If you want to shred the best lines, you can’t rely on these riders to tell you everything. After all, if you knew more than the snow report, how much would you give away? With snow falling on resorts, there’s no better time to bust out those forecasting services and learn to read synoptic charts on your journey to becoming a meteorological magician. Luckily, we have the best starting point because NOAA has released its winter forecast, and it’s looking oh-so-snowy for some. Here’s what the early season snow report says.
It will be no surprise to those who have followed The Manual’s early-season weather reporting to see that NOAA’s prediction is impacted by their expectations of an intense El Niño event and how this might bring about more climate extremes.

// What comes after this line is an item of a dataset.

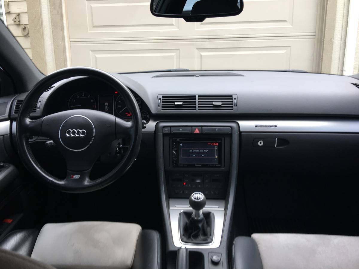 The interior features the standard S4 sport buckets up front and contoured bench in the back. It's all upholstered in two-tone black and white, with leather outers and suede center sections. Marring the overall aesthetic a bit are a worn headlamp switch bezel and an aftermarket double-DIN head unit. Other than that, it looks ready to rock.

With diminished trade winds on the Pacific comes an uprising in warm, damp air that dumps itself on the southwestern shore, and the increased precipitation forecast in the southwest — and across most of the southern states — is congruent with a typical El Niño winter.

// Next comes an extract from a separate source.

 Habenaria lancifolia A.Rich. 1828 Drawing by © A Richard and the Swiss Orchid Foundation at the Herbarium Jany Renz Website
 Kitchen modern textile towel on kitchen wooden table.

In contrast, the average seasonal temperature forecast puts the northern states as warmer than average, which could be why suggestions indicate a lower-than-average precipitation. But more generous doesn’t always mean drier; look at Alaska. Alaska is forecast to be noticeably warmer than average but to see much more precipitation.

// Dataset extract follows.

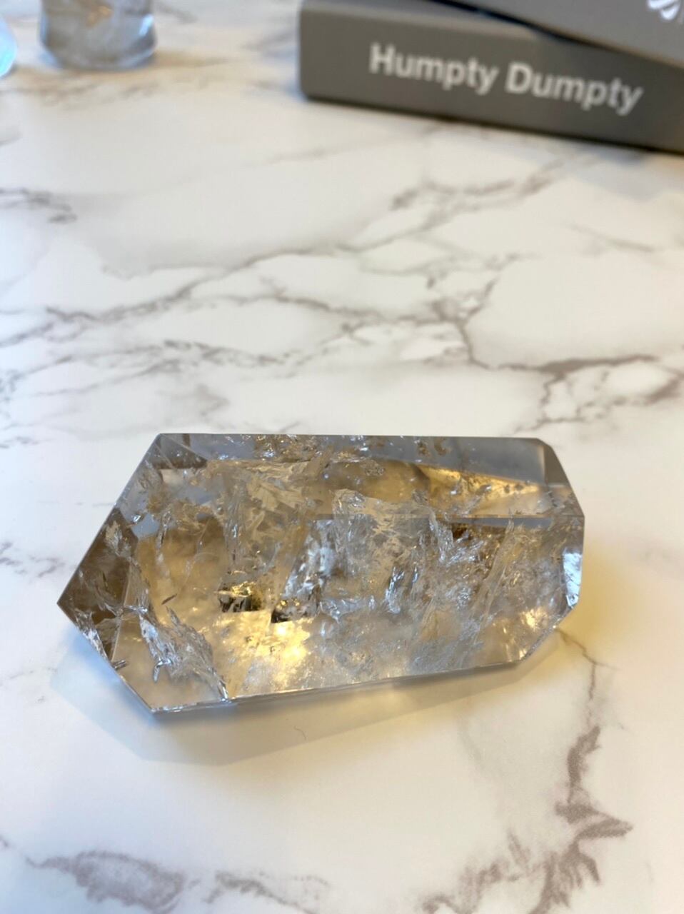 珍しい多角形のクオーツのオブジェです。スモーキーがかった色合いです。角度によって虹が見えます。

Early predictions would suggest that the most consistent snow will fall in the southwestern states — Utah, Colorado, and California — where some resorts have only just closed down. Unfortunately for those resorts in the northern Rockies and the Pacific Northwest, this winter could see a little less snow. Resorts in the east should see similar snowfall to usual, with some coastal areas getting a slightly better year.
All of this comes with a caveat, though. ‘Warmer,’ ‘wetter,’ and ‘drier’ are only compared against the average, and this chart shows likelihood, not the scale of how much wetter or warmer. Those who follow the weather will know that warm fronts are often preceded by precipitation, which, given the average temperatures, is still likely to fall in snow.
It’s still early season, and while all pointers suggest some areas will have bumper snowfall, that doesn’t mean you should discount other regions. Powder days will still happen, and snow will still fall. Keep an eye on those forecasts and be ready to ski wherever the snow looks freshest.